* Exercise brief *
Only one span is wanted from the lines below: from the one with "白山市浑江区二道沟山洪沟治理工程环境影响报告表审批决定公开" up to and including the one with "Surakarta – Babinsa". Copy it exactly, without images.

* Given entries *

========================================================================

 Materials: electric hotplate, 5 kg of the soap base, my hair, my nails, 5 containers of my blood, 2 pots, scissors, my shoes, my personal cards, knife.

========================================================================

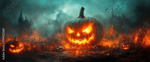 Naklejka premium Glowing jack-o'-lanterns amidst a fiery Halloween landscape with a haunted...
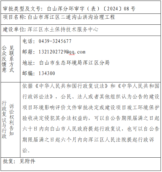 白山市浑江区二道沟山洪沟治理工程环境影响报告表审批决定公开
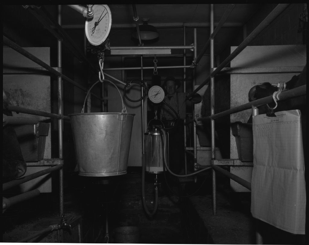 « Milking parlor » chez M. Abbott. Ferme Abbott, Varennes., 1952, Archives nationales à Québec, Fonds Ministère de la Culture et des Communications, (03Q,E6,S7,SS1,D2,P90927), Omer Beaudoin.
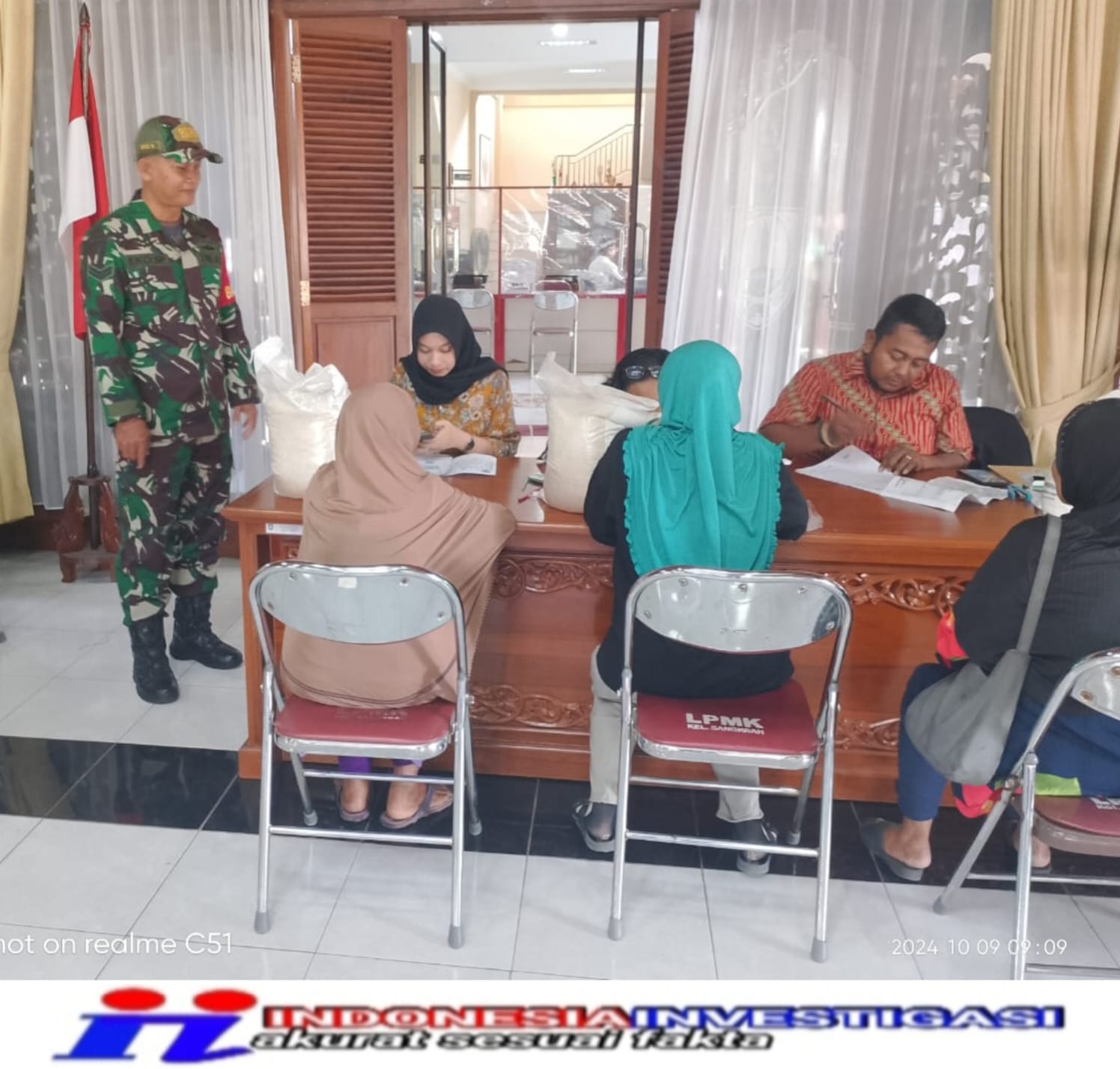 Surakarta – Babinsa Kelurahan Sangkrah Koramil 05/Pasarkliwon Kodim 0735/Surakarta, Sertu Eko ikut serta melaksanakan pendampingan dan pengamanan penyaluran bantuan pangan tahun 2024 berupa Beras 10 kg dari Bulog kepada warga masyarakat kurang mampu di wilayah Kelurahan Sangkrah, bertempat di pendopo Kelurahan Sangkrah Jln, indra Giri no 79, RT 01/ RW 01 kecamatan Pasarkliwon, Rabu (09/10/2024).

========================================================================

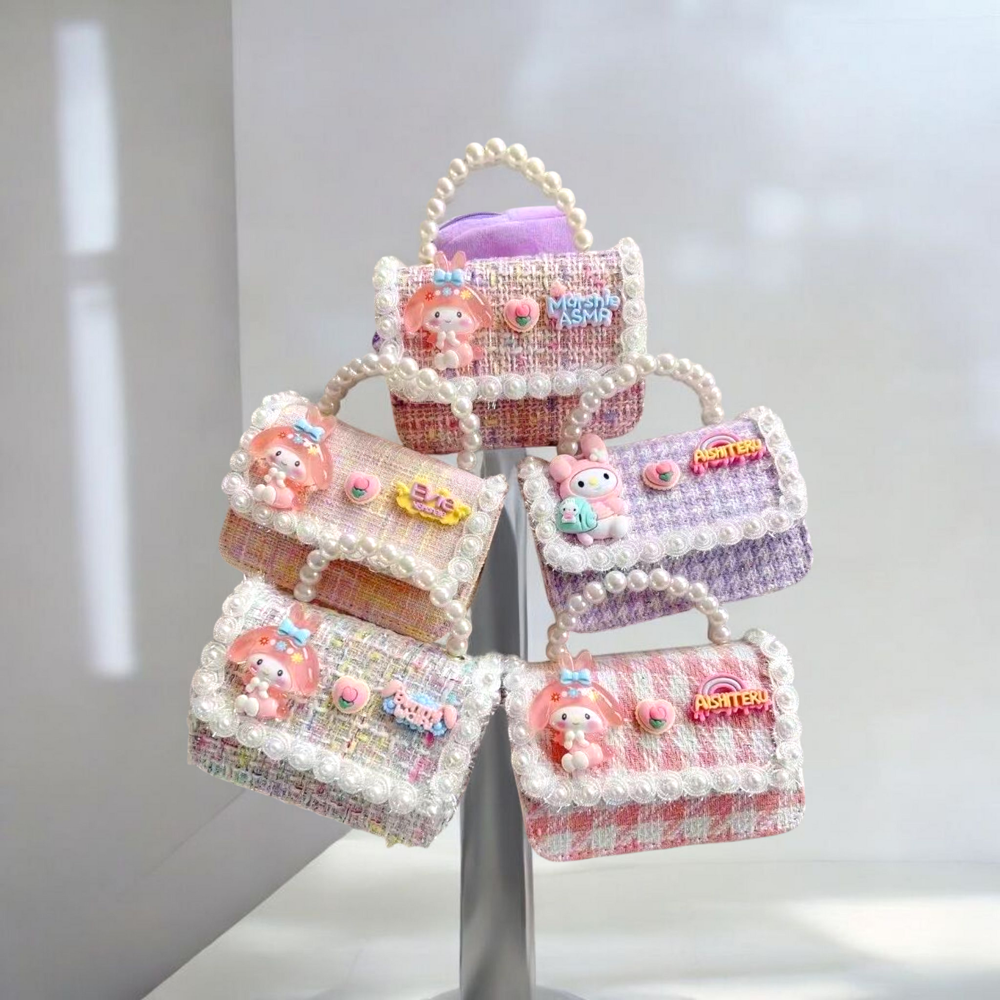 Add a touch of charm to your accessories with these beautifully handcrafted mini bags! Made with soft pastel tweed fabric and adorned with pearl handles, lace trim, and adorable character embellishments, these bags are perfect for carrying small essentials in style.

========================================================================

* Answer to the problem *
 白山市浑江区二道沟山洪沟治理工程环境影响报告表审批决定公开
 « Milking parlor » chez M. Abbott. Ferme Abbott, Varennes., 1952, Archives nationales à Québec, Fonds Ministère de la Culture et des Communications, (03Q,E6,S7,SS1,D2,P90927), Omer Beaudoin.
 Surakarta – Babinsa Kelurahan Sangkrah Koramil 05/Pasarkliwon Kodim 0735/Surakarta, Sertu Eko ikut serta melaksanakan pendampingan dan pengamanan penyaluran bantuan pangan tahun 2024 berupa Beras 10 kg dari Bulog kepada warga masyarakat kurang mampu di wilayah Kelurahan Sangkrah, bertempat di pendopo Kelurahan Sangkrah Jln, indra Giri no 79, RT 01/ RW 01 kecamatan Pasarkliwon, Rabu (09/10/2024).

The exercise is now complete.